--- RECORDS SUPPLIED ---
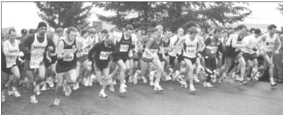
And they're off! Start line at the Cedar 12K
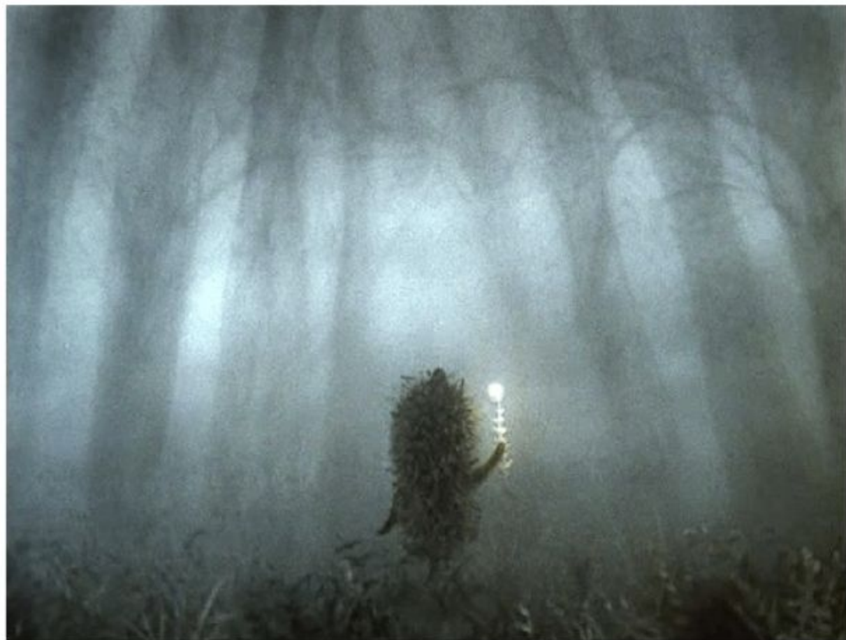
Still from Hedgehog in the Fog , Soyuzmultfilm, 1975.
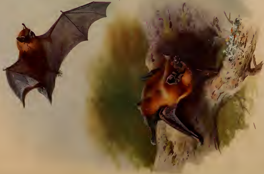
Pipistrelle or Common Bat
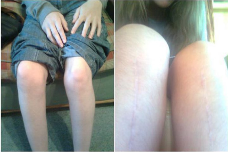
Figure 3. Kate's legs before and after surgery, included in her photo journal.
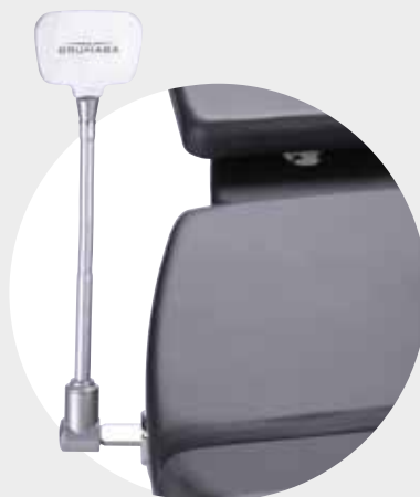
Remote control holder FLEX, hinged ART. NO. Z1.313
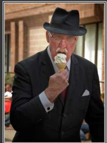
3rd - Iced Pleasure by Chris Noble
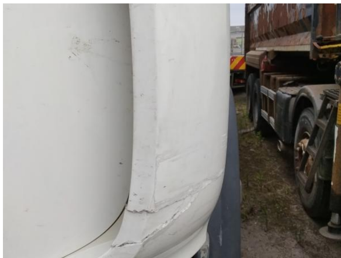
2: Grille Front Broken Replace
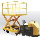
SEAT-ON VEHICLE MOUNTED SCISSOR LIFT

--

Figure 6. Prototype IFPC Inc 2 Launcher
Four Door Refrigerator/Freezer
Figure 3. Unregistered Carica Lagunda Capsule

==

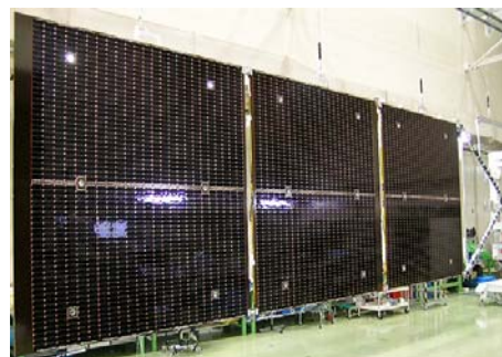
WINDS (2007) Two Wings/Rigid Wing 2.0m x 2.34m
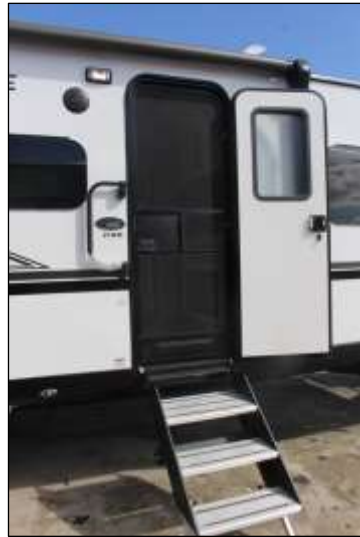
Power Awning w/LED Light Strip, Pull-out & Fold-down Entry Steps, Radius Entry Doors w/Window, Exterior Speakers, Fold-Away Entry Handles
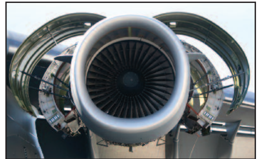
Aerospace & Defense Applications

--- WHAT YOU NEED TO DO ---
What belongs in the answer is each line above from the line with "Still from Hedgehog" to the line with "3rd - Iced Pleasure by Chris Noble", inclusive, reproduced exactly and free of pictures.

--- EXERCISE RESULT ---
Still from Hedgehog in the Fog , Soyuzmultfilm, 1975.
Pipistrelle or Common Bat
Figure 3. Kate's legs before and after surgery, included in her photo journal.
Remote control holder FLEX, hinged ART. NO. Z1.313
3rd - Iced Pleasure by Chris Noble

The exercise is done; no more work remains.